In a diary posted here: http://www.dailykos.com/...  I covered how this move sought to shut small towns out of negotiating for better services for their residents and to preserve their own tax base.
Now, Chanute Kansas looks to turn on it's fiber network and finds itself with the ghoul in the room of AT&T, who looks to shut down their service.. you see, it's hard to sell 6Mbps DSL internet for significantly more with data caps when someone else is offering 1Gbps with no caps.

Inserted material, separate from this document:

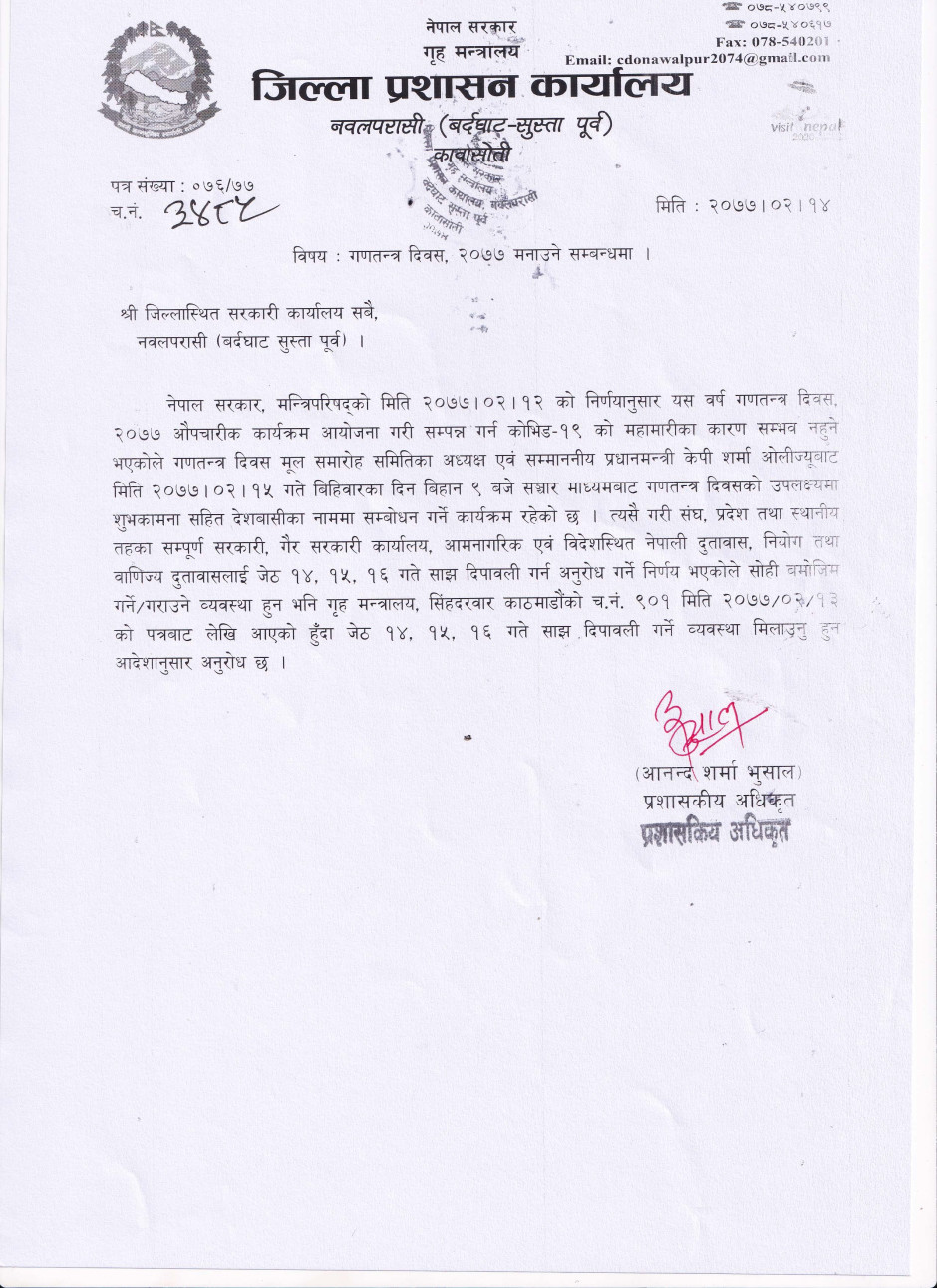 © सर्वाधिकार सुरक्षित जिल्ला प्रशासन कार्यालय, नवलपरासी (बर्दघाट सुस्ता पूर्व)

It’s true that a 1Gbps fiber service would definitely impact AT&T’s business operations in the area and likely for the very worse. Ars Technica points out that Chanute would charge citizens just $40 per month for its 1Gbps service, which is a mere $5 more than the six-month teaser rate for AT&T’s 6Mbps service. What’s more, AT&T’s plan includes a hard data cap of 150GB per month and going over that limit will set you back by an additional $10 per month
http://www.kansas.com/...
After beating back a legislative effort to stop them, city leaders in Chanute now face another state government hurdle in their effort to extend ultra-high-speed fiber broadband to residents’ homes and businesses.
The service the city is planning has a download speed of 1 gigabit and is projected to cost $40 a month for city residents. That’s 14 times faster and 60 percent cheaper than the fastest Internet service that Chanute residents can get now.
Chanute, like many small communities is trying to look after their future by giving residents and businesses a reason to stay in a program that is likely to pay for itself within 3 years.   The Chanute City government contends that this would likely help attract and keep residents - a nice way to hold their tax base in place.
Now, however, AT&T will ask for the state to intervene and to keep the residents locked out of high speed network services.
Chanute City officials, however, feel confident that in the end the state commission will provide them the go ahead to make the offer.
Protests in the state house, letter writing and support to kill the prior attempt to stop Chanute were critical in making sure that rural communities were able to stand up to the resources that the internet services put against them.
Can a rural Kansas town set the standard for how internet services could be offered to residents?